The trip comes as Congress is in recess and as the lawmakers wrap up a bill designed to secure the border and put 11 million illegal immigrants on a path to citizenship. President Barack Obama has urged Congress to pass immigration reform this year, and border security is critical to McCain and other Republicans who contend that some areas along the border are far from secure.
"I wish every member of the United States Senate and Congress could see the border," McCain told reporters in Phoenix on Monday. "Only when you can see the expanse, the difficulties and the challenges of the border, can you really appreciate the need for our border security."
With top Republicans and Democrats focused on the issue, immigration reform faces its best odds in years. The proposed legislation will likely put illegal immigrants on a 13-year path to citizenship and would install new criteria for border security, allow more high- and low-skilled workers to come to the U.S. and hold businesses to tougher standards on verifying their workers are in the country legally.

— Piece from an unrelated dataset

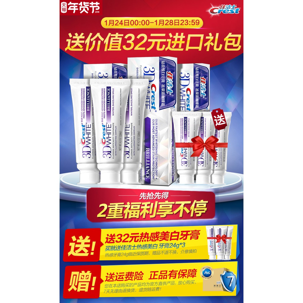 Kem đánh răng crest 3D ❤ FREESHIP ❤ Crest 3D White Brilliance 116gr – Kem trắng răng crest

McCain sought to lower expectations for the bill Monday during a town hall in Phoenix. He told immigration activists they wouldn't be completely happy with the measure and warned that the group must overcome difficult disagreements.
"We've made progress in a number of areas that I am encouraged by, but there are still areas that we are not in agreement," he said.
McCain said the lawmakers had reached an agreement on protections for young illegal immigrants brought to the country as children and on visas for workers, but declined to provide specifics.
Reports indicate that the U.S. Chamber of Commerce and the AFL-CIO, negotiating through the Gang of Eight senators, had reached significant agreement Friday on a new visa program to bring up to 200,000 lower-skilled workers a year to the country. The groups did not reach consensus on how much the workers would be paid.
The bill is expected to be lengthy and cover numerous issues, including limiting family-based immigration to put a greater emphasis on skills and employment ties instead.
The legislation was initially promised in March, but the lawmakers have since said they won't be done until at least April. Immigration proponents have said the group needs to introduce legislation soon, while some Republican lawmakers complain the process has moved too quickly.
If passed, the legislation could usher in the most sweeping changes in immigration law in nearly 30 years.